Iterator is a container of values, with which we can traverse through all the values.

In Python, an iterator is an object that implements __iter__() and __next__().

Lists, tuples, dictionaries, and sets are iterable and implement an iterator protocol.  These containers have iter() method that are used to traverse the values.

Here is an example.

fruitTuple = ("mango", "apple", "grapes")  
  
fruitIter = iter(fruitTuple)  
  
print(next(fruitIter))  
print(next(fruitIter))  
print(next(fruitIter))  

A string can be iterated using iter() method.

fruitStr = "mango"  
  
fruitIter = iter(fruitStr)  
  
print(next(fruitIter))  
print(next(fruitIter))  
print(next(fruitIter))  
print(next(fruitIter))  
print(next(fruitIter))  
print(next(fruitIter)) # last call throws error  

Note that the first five next () call print each character of “mango”.  The final next () throws an error saying the iteration has stopped.

The iterable object can be iterated with the for in loop.

fruitTuple = ("mango", "apple", "grapes")  
  
fruitIter = iter(fruitTuple)  
  
for fruit in fruitTuple:  
    print(fruit)  

We can create our own iterator class.  We need to implement __iter__() and __next__() methods.

Remember __init__() we saw in class definition?  The iterator method and protocols are similar to init of the class.

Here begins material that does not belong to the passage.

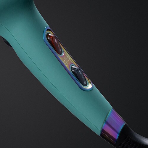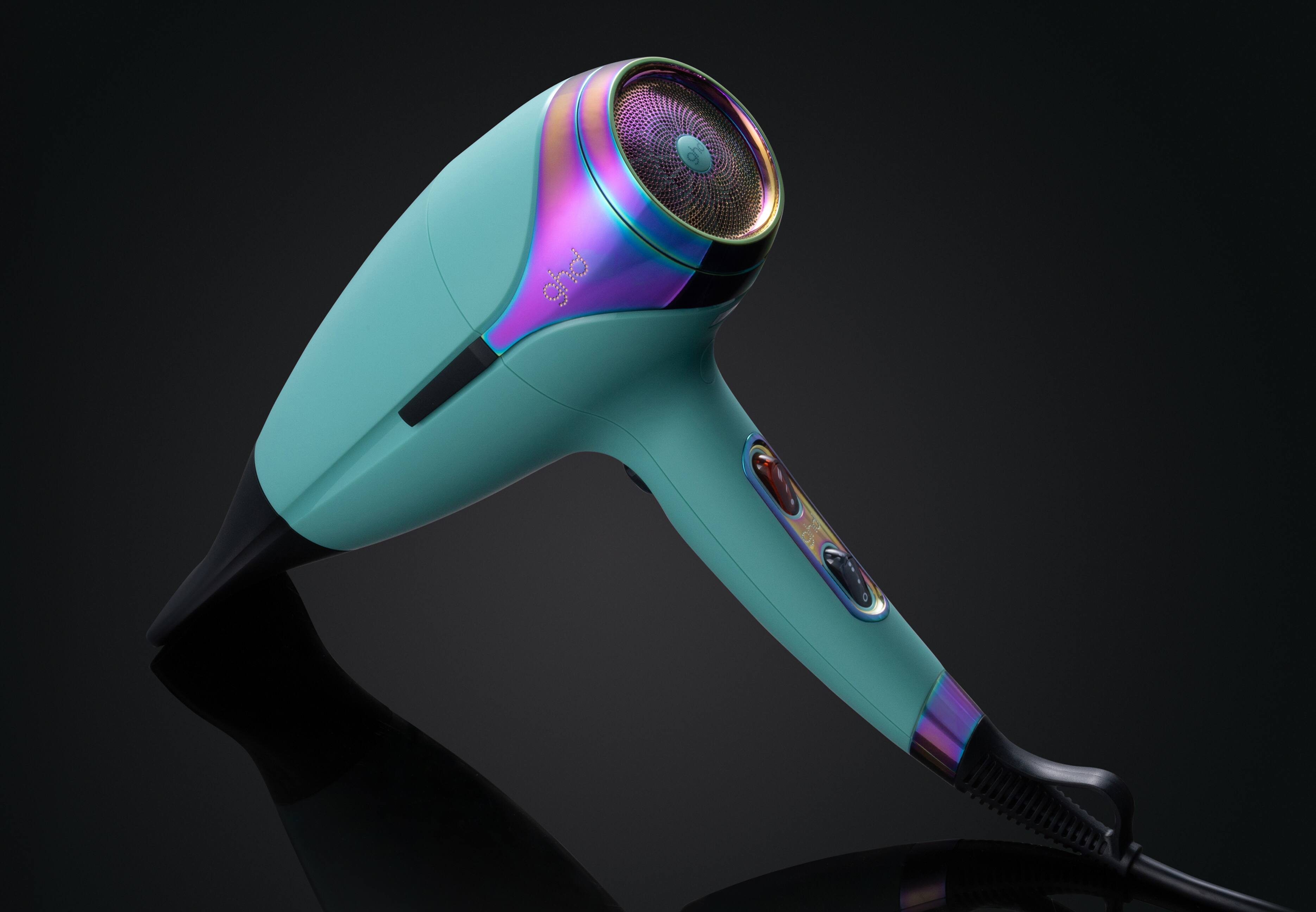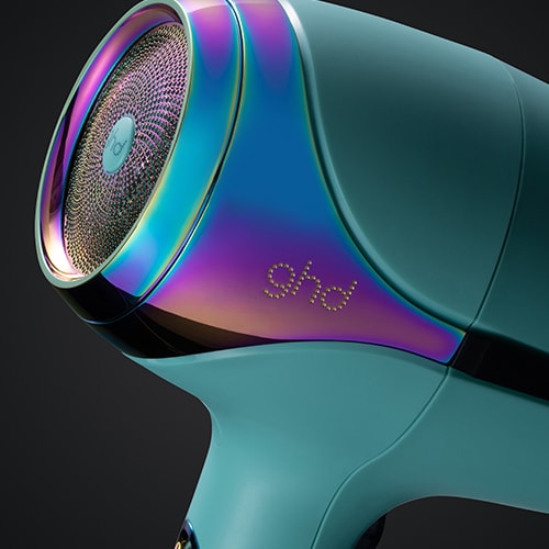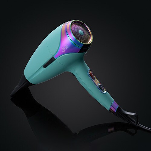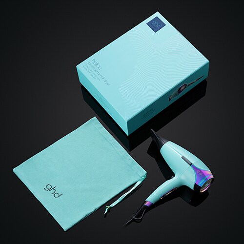 ghd Helios has been wrapped in a cosmic mystic aqua hue with contrasting iridescent accents and is accompanied by a matching dustbag.

Let us consider an example that would create an iterator.  The iterator is a Fibonacci series starting from 1, 2.

class Fibonacci:  
    def __iter__(self):  
        # define first two numbers  
        self.first = 1  
        self.second = 2  
        return self  
  
    def __next__(self):  
        curr = self.first + self.second # find new number  
        self.first = self.second # shift the previous two numbers  
        self.second = curr  
        return curr  
  
fibo = Fibonacci ()  
fiboIter = iter(fibo)  
  
print(next(fiboIter))  
print(next(fiboIter))  
print(next(fiboIter))  
print(next(fiboIter))  
print(next(fiboIter))  

when line 15 iter(fibo) is called, __iter__() is invoked internally.  When next(iter) is called, __next__() method is invoked to find the next element in the series.

This iterator is never ending as there is no termination control.

To prevent the endless series, we can add a StopIteration statement.  In the __next__, we can add a condition and use StopIteration.

class Fibonacci:  
    def __iter__(self):  
        # define first two numbers  
        self.first = 1  
        self.second = 2  
        return self  
  
    def __next__(self):  
        curr = self.first + self.second # find new number  
        if (curr <= 50):  
            self.first = self.second # shift the previous two numbers  
            self.second = curr  
            return curr  
        else:  
            raise StopIteration  
  
fibo = Fibonacci ()  
fiboIter = iter(fibo)  
  
for f in fiboIter:  
    print(f)  

In this sample, we check if the Fibonacci series has reached 50.  Any value beyond or equal to 50 would raise an error. That would stop the for loop.

Scope

The variable is available only in the region that it is declared.  The limitation of such variable declaration is scope. The scope of variable or method defines where those elements are accessible.

def func1():  
    a = 5  
    print(a)  
  
func1()  
print(a)  

The last print statement throws error as a is not accessible at the main part of the code.

One way to have access to the variable at all places is to declare the variable at global scope.  Variable created at the main level is global and can be accessed inside the function definition.

a = 5  
  
def func1():  
    print(a)  
  
func1()  
print(a)  

Now both the print statements have access to the variable.

When the same name is used for variables inside and outside a function, then python treats them as two separate variables.

a = 5  
  
def func1():  
    a = 7  
    print(a)  
  
func1()  
print(a)  

If we change the value of a inside the function, that change won’t affect the variable outside the function.

While a variable is defined inside a function, the variable can be declared as global using the “global” keyword.

def func1():  
    global a  
    a = 10  
    print(a)  
  
func1()  
print(a)  

Modules

Module is about using library files.  You create a python library file with general functions and variable declarations. These definitions can be referred to by another python file.

Following functions and values are defined in inventory.py

fruits = ["mango", "apple", "grapes"]  
  
def countStock():  
    return len(fruits)  

In order to use this function and array, we will have to import this library in our main code file.

import inventory  
  
print(inventory.countStock())  
print(inventory.fruits)  

Line 1 imports the inventory library.  Line 3 and 4 refers to the function and variables declared in the library.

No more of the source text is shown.